Items listed in a dataset
--- --- ---

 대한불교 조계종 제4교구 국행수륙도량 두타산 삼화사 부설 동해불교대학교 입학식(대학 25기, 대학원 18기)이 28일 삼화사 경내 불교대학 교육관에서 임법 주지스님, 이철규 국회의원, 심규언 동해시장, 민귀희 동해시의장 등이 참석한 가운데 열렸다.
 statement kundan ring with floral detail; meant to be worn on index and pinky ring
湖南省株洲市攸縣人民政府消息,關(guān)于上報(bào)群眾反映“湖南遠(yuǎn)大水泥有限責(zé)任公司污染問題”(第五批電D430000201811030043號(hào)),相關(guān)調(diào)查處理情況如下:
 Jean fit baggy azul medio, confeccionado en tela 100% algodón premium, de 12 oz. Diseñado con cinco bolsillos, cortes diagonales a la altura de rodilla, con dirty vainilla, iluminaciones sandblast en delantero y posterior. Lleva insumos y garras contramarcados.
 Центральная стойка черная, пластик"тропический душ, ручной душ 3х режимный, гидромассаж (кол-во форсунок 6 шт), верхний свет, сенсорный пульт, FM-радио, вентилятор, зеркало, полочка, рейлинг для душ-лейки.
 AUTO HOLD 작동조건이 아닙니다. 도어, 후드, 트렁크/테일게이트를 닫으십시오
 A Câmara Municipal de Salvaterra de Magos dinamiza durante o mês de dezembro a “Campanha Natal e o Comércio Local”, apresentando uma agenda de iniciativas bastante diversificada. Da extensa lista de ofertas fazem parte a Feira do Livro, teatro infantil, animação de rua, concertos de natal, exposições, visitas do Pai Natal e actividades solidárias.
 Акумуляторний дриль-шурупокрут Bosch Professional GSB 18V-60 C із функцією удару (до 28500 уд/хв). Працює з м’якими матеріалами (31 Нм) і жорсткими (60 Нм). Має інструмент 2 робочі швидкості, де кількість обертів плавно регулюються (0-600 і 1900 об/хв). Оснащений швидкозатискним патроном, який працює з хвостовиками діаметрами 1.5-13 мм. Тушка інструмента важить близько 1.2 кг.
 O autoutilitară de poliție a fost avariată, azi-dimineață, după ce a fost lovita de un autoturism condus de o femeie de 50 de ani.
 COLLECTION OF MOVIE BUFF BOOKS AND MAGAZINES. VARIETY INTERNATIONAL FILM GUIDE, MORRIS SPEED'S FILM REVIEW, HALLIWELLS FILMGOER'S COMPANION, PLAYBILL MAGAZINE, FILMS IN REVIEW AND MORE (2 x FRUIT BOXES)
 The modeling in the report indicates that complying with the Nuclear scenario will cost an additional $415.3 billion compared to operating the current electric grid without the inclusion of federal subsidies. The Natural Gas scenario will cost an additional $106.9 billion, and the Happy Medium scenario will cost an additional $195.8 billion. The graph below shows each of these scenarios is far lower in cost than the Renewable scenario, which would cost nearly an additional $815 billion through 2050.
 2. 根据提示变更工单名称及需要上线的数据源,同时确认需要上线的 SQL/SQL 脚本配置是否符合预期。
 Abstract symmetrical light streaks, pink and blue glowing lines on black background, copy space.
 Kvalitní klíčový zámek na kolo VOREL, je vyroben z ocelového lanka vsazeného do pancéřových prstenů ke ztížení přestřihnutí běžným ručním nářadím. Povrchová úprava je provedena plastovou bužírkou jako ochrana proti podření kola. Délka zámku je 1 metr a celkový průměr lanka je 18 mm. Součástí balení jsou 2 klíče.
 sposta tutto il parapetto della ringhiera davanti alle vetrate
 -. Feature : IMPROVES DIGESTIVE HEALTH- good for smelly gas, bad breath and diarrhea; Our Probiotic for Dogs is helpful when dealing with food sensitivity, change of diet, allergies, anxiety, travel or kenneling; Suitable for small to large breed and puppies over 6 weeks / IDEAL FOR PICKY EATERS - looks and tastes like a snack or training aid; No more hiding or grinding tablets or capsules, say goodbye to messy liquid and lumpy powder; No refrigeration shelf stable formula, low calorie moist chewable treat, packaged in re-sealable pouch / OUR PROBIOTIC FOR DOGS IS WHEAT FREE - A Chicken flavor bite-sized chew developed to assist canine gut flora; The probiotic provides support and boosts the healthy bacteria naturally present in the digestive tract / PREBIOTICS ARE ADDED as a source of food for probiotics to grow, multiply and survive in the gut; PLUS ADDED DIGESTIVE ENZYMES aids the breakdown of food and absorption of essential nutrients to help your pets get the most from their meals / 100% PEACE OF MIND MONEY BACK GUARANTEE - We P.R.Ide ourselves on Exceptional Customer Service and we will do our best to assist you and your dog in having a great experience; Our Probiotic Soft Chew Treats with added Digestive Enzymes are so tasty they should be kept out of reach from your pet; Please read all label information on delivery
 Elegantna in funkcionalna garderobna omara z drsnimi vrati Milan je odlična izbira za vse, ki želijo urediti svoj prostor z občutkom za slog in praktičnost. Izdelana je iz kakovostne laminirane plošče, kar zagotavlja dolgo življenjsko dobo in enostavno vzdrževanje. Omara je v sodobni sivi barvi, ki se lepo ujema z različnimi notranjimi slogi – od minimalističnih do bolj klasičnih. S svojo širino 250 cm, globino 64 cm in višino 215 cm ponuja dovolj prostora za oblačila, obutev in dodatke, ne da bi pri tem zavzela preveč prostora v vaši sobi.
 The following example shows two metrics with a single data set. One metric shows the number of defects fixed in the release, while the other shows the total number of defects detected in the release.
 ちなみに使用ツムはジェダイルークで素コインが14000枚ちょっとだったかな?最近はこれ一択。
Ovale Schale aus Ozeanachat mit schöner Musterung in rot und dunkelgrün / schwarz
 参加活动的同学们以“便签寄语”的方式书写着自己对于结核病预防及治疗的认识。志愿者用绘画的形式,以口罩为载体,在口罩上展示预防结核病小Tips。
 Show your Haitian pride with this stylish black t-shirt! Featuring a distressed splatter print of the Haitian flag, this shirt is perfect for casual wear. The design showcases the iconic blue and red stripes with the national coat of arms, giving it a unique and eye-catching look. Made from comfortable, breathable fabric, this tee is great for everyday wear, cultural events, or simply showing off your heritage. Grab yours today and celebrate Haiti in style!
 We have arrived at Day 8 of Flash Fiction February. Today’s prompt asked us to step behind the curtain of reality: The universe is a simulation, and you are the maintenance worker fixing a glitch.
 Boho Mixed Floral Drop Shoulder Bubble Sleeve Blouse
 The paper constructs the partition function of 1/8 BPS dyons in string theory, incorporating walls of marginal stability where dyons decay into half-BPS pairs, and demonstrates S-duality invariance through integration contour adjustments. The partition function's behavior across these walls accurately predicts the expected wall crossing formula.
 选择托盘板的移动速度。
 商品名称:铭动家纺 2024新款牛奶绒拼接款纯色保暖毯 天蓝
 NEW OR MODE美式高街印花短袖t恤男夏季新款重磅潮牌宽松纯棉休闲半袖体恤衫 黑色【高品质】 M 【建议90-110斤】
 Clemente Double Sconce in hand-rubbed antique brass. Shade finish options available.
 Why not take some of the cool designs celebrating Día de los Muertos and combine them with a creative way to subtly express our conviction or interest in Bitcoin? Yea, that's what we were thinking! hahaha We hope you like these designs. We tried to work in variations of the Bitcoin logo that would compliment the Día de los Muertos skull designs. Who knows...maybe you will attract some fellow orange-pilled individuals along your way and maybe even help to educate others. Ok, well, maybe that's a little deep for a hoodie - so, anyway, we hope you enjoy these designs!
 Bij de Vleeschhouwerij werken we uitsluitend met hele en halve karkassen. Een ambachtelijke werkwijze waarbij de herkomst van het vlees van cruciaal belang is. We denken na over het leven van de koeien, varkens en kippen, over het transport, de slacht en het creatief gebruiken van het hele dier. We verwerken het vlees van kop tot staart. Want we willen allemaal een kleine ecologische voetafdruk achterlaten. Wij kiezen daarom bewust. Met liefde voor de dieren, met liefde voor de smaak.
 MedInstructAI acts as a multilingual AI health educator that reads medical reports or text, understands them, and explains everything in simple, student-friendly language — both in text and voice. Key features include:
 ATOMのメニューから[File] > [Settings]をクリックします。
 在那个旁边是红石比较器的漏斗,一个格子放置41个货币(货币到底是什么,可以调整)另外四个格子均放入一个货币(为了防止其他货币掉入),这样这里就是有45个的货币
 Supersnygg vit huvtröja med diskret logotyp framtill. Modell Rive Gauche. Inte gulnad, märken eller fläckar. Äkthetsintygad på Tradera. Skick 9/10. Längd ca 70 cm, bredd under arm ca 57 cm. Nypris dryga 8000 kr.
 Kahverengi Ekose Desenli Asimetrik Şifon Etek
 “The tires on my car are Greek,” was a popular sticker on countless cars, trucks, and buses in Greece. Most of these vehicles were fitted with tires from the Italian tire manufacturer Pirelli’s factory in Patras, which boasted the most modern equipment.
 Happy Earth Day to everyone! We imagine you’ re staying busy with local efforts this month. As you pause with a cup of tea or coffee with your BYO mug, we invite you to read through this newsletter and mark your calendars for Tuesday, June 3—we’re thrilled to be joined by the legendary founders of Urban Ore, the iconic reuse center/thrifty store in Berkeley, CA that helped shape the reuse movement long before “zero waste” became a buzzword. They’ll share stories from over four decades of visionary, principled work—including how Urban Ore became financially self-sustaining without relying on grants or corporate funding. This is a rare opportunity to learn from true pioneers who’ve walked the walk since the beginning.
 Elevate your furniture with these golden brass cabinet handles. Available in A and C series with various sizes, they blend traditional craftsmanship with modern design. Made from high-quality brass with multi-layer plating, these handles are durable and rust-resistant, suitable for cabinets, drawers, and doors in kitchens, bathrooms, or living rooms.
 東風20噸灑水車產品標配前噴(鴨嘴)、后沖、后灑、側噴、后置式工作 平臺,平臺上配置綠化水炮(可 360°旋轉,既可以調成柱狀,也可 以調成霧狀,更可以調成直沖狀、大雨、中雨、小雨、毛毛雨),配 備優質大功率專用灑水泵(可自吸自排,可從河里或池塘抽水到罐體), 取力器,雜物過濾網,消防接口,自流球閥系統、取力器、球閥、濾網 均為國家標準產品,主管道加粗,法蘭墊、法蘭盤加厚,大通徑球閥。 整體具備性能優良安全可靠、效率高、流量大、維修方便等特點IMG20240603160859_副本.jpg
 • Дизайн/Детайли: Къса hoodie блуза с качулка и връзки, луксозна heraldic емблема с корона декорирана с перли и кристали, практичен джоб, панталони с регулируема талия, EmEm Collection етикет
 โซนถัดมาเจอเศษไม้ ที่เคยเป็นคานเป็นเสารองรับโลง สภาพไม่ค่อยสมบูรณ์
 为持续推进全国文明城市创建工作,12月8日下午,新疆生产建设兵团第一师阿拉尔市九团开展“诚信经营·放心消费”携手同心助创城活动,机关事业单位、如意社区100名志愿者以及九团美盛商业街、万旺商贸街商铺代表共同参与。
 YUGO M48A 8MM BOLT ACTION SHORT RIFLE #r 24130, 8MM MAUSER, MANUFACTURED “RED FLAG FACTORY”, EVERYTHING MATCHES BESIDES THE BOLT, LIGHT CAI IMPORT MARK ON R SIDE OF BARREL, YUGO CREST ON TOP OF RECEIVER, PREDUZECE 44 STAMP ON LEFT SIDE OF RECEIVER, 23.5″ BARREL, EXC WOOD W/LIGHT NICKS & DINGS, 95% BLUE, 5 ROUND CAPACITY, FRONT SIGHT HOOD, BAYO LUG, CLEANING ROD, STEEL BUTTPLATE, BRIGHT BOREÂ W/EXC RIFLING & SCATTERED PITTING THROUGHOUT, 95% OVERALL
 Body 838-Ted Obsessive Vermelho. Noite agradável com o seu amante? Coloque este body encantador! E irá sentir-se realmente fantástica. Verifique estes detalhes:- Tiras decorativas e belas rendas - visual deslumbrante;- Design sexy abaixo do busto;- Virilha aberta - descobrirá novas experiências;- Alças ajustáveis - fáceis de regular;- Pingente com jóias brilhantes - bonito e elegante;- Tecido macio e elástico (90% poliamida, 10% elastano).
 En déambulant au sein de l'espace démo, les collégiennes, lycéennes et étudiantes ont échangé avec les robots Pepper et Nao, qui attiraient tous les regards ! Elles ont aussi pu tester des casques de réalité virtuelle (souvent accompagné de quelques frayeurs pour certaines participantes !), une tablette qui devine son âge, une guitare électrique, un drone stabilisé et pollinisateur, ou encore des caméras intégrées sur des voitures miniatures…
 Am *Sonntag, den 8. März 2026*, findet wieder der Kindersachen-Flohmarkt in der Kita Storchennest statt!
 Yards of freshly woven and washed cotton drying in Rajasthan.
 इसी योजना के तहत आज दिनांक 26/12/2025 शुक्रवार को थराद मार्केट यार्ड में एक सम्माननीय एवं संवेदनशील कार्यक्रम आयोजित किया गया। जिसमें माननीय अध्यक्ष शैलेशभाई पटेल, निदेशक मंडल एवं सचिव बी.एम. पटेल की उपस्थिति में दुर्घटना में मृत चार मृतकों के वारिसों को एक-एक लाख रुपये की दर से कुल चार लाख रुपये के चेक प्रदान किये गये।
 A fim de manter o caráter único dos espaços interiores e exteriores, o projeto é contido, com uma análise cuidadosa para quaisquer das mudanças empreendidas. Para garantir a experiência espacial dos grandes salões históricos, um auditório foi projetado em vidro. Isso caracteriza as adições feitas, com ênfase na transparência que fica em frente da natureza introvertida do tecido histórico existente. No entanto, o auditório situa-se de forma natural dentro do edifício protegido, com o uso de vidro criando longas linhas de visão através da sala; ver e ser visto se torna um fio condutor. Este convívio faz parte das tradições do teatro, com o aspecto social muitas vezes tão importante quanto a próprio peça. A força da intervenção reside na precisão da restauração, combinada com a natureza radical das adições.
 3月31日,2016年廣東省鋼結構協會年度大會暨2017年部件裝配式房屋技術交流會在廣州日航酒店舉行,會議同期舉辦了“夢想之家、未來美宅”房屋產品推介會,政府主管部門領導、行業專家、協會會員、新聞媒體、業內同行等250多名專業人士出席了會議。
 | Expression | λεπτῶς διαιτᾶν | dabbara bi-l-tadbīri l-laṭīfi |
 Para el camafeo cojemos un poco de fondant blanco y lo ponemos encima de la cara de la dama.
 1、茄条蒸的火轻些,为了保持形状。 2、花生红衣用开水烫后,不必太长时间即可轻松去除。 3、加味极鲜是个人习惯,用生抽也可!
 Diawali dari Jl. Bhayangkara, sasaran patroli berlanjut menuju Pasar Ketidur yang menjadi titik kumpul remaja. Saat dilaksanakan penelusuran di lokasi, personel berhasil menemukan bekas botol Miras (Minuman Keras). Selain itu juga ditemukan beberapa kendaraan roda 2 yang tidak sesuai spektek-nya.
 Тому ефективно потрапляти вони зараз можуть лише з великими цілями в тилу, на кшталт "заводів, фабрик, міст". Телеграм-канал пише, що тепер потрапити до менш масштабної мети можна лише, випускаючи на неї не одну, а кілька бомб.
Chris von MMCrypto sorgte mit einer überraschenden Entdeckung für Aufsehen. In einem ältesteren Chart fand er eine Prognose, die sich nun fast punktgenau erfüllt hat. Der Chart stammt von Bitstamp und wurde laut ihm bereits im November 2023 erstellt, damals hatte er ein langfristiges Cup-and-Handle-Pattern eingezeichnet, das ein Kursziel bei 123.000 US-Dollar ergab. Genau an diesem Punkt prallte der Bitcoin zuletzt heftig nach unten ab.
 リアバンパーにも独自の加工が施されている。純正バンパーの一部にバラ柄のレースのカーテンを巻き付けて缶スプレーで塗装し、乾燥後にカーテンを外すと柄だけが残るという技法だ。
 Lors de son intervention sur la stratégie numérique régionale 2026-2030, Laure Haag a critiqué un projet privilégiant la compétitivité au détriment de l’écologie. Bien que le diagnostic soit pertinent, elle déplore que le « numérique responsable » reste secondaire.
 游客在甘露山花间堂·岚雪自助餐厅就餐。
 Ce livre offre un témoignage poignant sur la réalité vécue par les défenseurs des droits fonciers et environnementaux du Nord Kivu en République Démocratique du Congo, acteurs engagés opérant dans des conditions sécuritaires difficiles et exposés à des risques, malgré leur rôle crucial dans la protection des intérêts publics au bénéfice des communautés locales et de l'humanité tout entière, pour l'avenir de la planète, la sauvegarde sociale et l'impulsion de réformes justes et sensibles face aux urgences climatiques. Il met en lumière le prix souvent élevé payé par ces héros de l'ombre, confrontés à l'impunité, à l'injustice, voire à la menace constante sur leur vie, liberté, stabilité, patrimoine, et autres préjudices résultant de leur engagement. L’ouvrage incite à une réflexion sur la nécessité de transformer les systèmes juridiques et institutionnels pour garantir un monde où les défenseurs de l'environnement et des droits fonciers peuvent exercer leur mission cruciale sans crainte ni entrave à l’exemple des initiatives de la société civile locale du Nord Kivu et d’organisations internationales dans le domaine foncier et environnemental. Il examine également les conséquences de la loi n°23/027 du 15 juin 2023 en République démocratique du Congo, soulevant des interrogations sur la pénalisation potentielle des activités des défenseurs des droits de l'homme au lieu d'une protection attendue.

--- --- ---

WHAT YOU WILL DO
Every line above from the line with "2. 根据提示变更工单名称及需要上线的数据源,同时确认需要上线的 SQL/SQL" to the line with "Abstract symmetrical light", both included, must be reproduced exactly, and no other line may appear.

RESPONSE AREA
 2. 根据提示变更工单名称及需要上线的数据源,同时确认需要上线的 SQL/SQL 脚本配置是否符合预期。
 Abstract symmetrical light streaks, pink and blue glowing lines on black background, copy space.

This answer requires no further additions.